[Stored records]

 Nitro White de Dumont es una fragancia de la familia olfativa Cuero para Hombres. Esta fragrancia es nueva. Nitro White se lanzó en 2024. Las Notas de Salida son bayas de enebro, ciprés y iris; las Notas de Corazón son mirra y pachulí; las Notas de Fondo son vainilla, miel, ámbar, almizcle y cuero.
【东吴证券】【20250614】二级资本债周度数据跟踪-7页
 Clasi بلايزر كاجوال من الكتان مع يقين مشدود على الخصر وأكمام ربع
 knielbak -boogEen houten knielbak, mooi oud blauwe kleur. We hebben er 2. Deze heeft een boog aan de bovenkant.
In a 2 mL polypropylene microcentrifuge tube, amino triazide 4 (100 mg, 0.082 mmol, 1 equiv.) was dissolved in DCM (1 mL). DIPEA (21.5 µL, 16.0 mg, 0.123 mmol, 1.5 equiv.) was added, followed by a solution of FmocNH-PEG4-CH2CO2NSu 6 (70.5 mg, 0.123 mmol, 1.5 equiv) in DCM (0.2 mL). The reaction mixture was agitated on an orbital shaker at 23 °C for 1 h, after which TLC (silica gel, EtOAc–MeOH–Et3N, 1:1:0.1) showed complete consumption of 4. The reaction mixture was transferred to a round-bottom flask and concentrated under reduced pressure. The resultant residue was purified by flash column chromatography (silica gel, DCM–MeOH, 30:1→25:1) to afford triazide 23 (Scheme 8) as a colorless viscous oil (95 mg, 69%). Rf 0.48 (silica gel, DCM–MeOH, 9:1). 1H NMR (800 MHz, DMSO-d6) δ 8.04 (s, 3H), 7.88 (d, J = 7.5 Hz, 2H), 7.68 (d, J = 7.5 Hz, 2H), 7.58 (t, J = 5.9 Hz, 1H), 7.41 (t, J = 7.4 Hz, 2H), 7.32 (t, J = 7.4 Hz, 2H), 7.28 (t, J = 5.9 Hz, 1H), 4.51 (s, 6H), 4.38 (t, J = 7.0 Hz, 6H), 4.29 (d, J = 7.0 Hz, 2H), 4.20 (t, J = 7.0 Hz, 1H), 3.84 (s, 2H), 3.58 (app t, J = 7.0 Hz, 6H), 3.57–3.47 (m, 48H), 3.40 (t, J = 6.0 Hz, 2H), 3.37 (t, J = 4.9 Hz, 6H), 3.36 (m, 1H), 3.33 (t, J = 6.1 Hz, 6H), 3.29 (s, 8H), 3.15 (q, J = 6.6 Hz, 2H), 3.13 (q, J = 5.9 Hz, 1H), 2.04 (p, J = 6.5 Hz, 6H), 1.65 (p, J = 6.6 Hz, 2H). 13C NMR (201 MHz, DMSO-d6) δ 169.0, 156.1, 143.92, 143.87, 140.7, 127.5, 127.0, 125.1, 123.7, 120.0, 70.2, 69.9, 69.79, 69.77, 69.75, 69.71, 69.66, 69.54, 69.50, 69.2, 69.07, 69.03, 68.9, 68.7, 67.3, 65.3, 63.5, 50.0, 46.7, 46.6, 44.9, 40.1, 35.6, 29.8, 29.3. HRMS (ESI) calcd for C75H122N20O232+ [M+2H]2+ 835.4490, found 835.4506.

Description of the task. Here the output must be the lines above from the line with "Clasi بلايزر كاجوال" to the line with "knielbak -boogEen houten", both included, duplicated word for word and nothing else.

Answer.
 Clasi بلايزر كاجوال من الكتان مع يقين مشدود على الخصر وأكمام ربع
 knielbak -boogEen houten knielbak, mooi oud blauwe kleur. We hebben er 2. Deze heeft een boog aan de bovenkant.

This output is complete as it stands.